When a helicopter engine fails, the pilot begins a maneuver called an autorotation. As the helicopter glides during descent, upflowing air keeps the main rotor turning and storing potential energy. To land, the pilot converts that energy into Lift to cushion the landing for a smooth touchdown.
Having taught hundreds, if not thousands of practice engine failures during my time as an instructor I want to explain what actually goes on because after reading the posts on the first page of Google, I can tell that none of those writers have ever flown a helicopter, let alone seen or completed an autorotation!
That’s me on the right in the photo above. If you want the real answer please read on…
What Happens When a Helicopter Engine Stops During Flight?
When a helicopter engine stops in flight the situation will vary depending on the kind of helicopter. For helicopters with a single engine, the event needs immediate action to prevent a fatality, for helicopters with two or three engines, the situation can be a none event if the engines are powerful.
To increase safety, some helicopters are fitted with two, or sometimes 3 identical engines in the very large helicopters. Modern twins (Twin-Engined Helicopters) can easily fly on a single-engine without too much of an issue – These are known as Category A helicopters.
Providing the pilot is flying the helicopter to the take-off and landing profiles recommended by the manufacturer a Cat A helicopter will be able to safely return back to the helipad, fly away or maintain cruise altitude depending on when an engine fails.
Most Cat A helicopters can be found in Offshore Operations, EMS, Police, VIP, and Search & Rescue.
For older helicopters that use engines with less power, an engine failure may mean the helicopter is unable to fly away or maintain level cruise flight. These are known as Cat B helicopters. A Cat B helicopter can act very much like a single-engine helicopter in that it will be heading to the ground, albeit at a much slower rate. This allows for more options on making it to a clear touchdown area.
The old 1980’s Sikorsky S76A that I used to fly as an Air Ambulance was a Cat B aircraft and when it was hot in the middle of summer there was not a chance that thing would fly away on a single engine! It was so underpowered! When it was replaced with the AW139 that really changed the operation!
That A model had 2x 650Hp engines lifting a 10,500lb airframe, compared to the latest S76D that has 2x 1,050Hp engines lifting an 11,700lb helicopter! Evolution is a beautiful thing!
Single Engine Helicopters
Well, this is where the action happens! When you only have one power plant (also commonly referred to as a ‘Donkey’) keeping the helicopter airborne and it stops, there is only one direction you are heading, and that is down!
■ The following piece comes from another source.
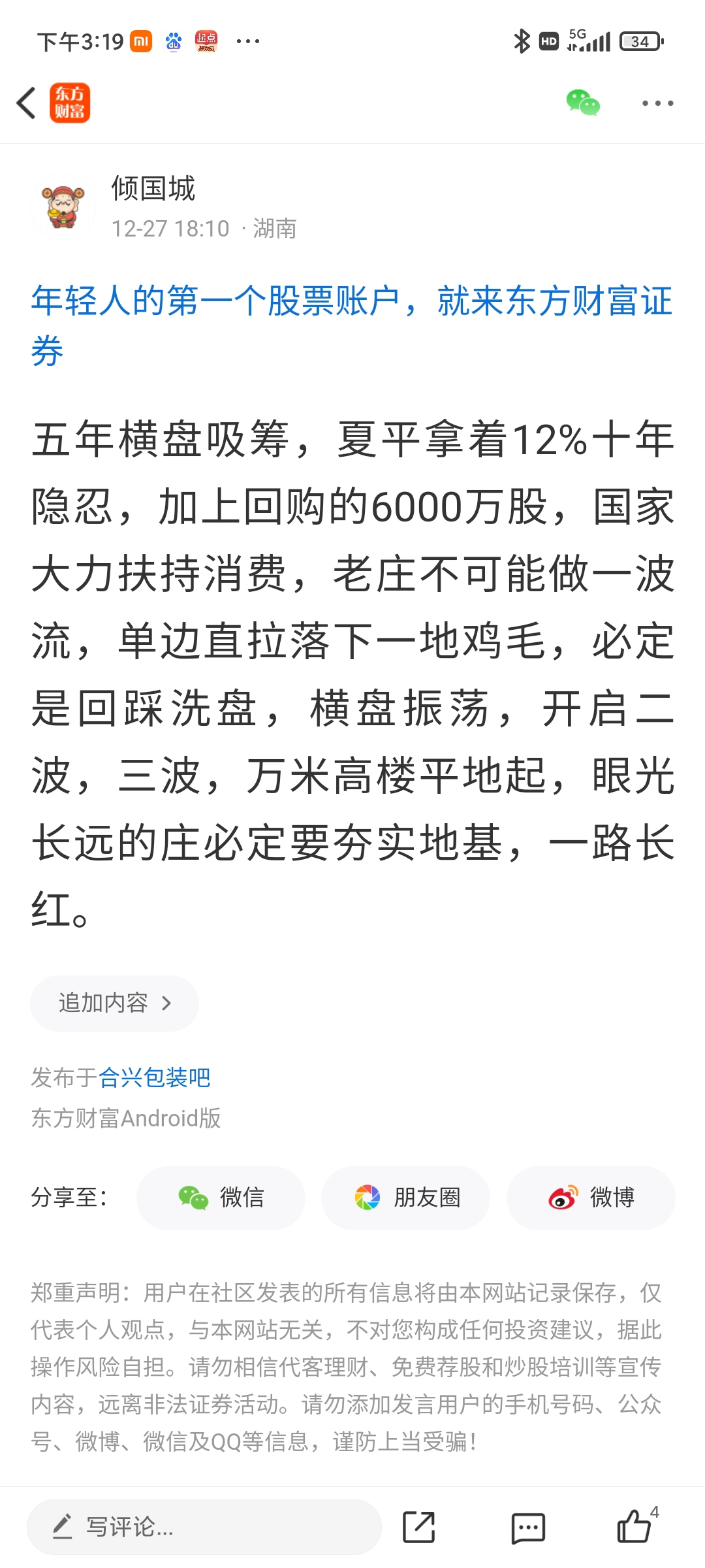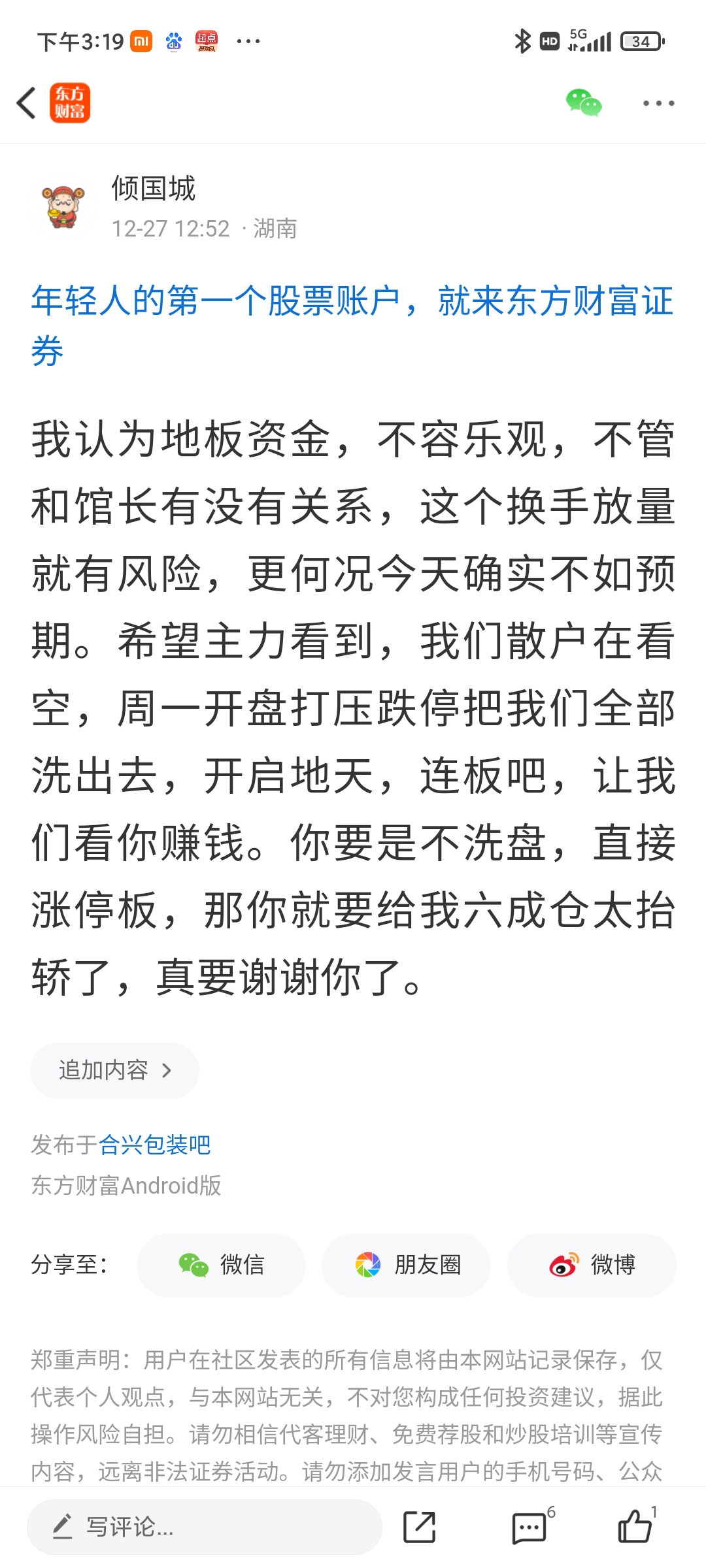 温馨提示: 1.根据《证券法》规定,禁止编造、传播虚假信息或者误导性信息,扰乱证券市场;2.用户在本社区发表的所有资料、言论等仅代表个人观点,与本网站立场无关,不对您构成任何投资建议。用户应基于自己的独立判断,自行决定证券投资并承担相应风险。《东方财富社区管理规定》

During Normal, Powered Flight, the engine is driving the main transmission. The transmission rotates the main and tail rotor systems via driveshafts. To lift the helicopter off the ground the pilot increases the pitch angle on all the main rotor blades at the same time using a control lever called the Collective. This increase in Pitch on the main rotor blades forces air downwards to lift the helicopter off the ground.
Once the Lift being produced by the main rotor system is greater than the weight of the aircraft, the helicopter will begin to ascend. However, as the blade pitch increases on each main rotor blade, the Drag each blade creates also increases.
Think of it like sticking your hand out of a moving car window when driving down the highway. When your palm is parallel to the ground your hand stays put. As you turn your palm upwards, the air being deflected by your hand pushes your arm upwards, also the Drag created by your palm now wants to pull your arm rearwards.
To overcome this Drag on the main rotor system of the helicopter, the engine automatically increases power to maintain the rotor system turning at the same RPM as the Collective is raised by the pilot. If the engine didn’t increase power to overcome the Drag, the Drag would begin to slow the RPM of the main rotor – Not good!
During Non-Powered Flight, the helicopter will begin to descend due to gravity because the Lift being produced is less than the Weight of the helicopter. The engine is no longer turning the main transmission and the only way to maintain the main rotor system RPM is to use airflow.
It is the main rotor system turning as a whole that acts like a wing to keep the helicopter airborne.
This is where the hand out of the car window analogy kicks in.
As the helicopter begins to descend, it has air flowing up from below (Wind in your face while on a bike). It is this airflow that is used to turn each main rotorblade. This is known as Autorotation.
What is Autorotation?
Autorotation uses the up-flowing air created by the descending helicopter to apply a force to each main rotor blade to keep the main rotor system turning and storing potential energy (Think wind turbine). To land, this stored energy is used to increase the main rotor RPM to create enough lift at touchdown to cushion the landing.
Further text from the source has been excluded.